WIKIMEDIA COMMONS, SILKY M
Gene sequencing technology has advanced in leaps and bounds in the past couple of decades. But as genomicists and others involved in research projects that generate reams of DNA, RNA, or proteomic data know well, storing and analyzing all that information is rapidly becoming an intractable problem.
A recent article in The New York Times highlights the difficulty, citing many leading researchers airing their frustrations with discrepancies in the pace of innovation between sequencing and data handling technologies. "Data handling is now the bottleneck," David Haussler, director of the center for biomolecular science and engineering at the University of California, Santa Cruz, told the Times. "It costs more to analyze a genome than to sequence a genome."

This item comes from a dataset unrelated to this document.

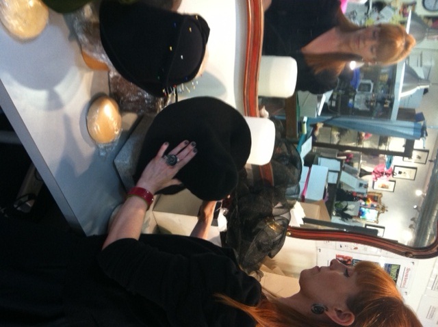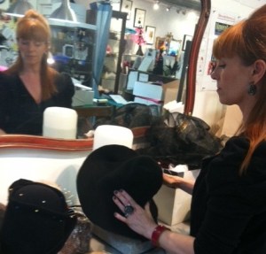 Marie was already living in Boston when she started her love affair with hats. She could not find any schools or milliners to learn from, so she bought old books on millinery and taught herself. Many of the materials and equipment she needed were not available in the States, so she had to order them from the UK, the mother land of millinery. It was a hard road, but hat-by-hat she got better and better. Today she executes her designs in the back of her boutique which looks like the Santa’s workshop of hats with Marie as the one and only elf.

Indeed, though the price of sequencing an entire human genome is expected to decrease to the long-anticipated $1,000 mark in the next couple of years, that cost is dwarfed by the mounting expenses of storing and analyzing genomic data.
And the data deluge (which The Scientist covered in its October issue) may also cause the shuttering of federal repositories designed to store the information. The amount of data stored one such database has more than tripled in the past year alone, according to the Times article, bulging at the seams with 300 trillion nitrogenous bases occupying almost 700 trillion bytes of computer memory.
"We have these giant piles of data and no way to connect them," Steven Wiley, a biologist at the Pacific Northwest National Laboratory, told the Times. "I'm sitting in front of a pile of data that we’ve been trying to analyze for the last year and a half."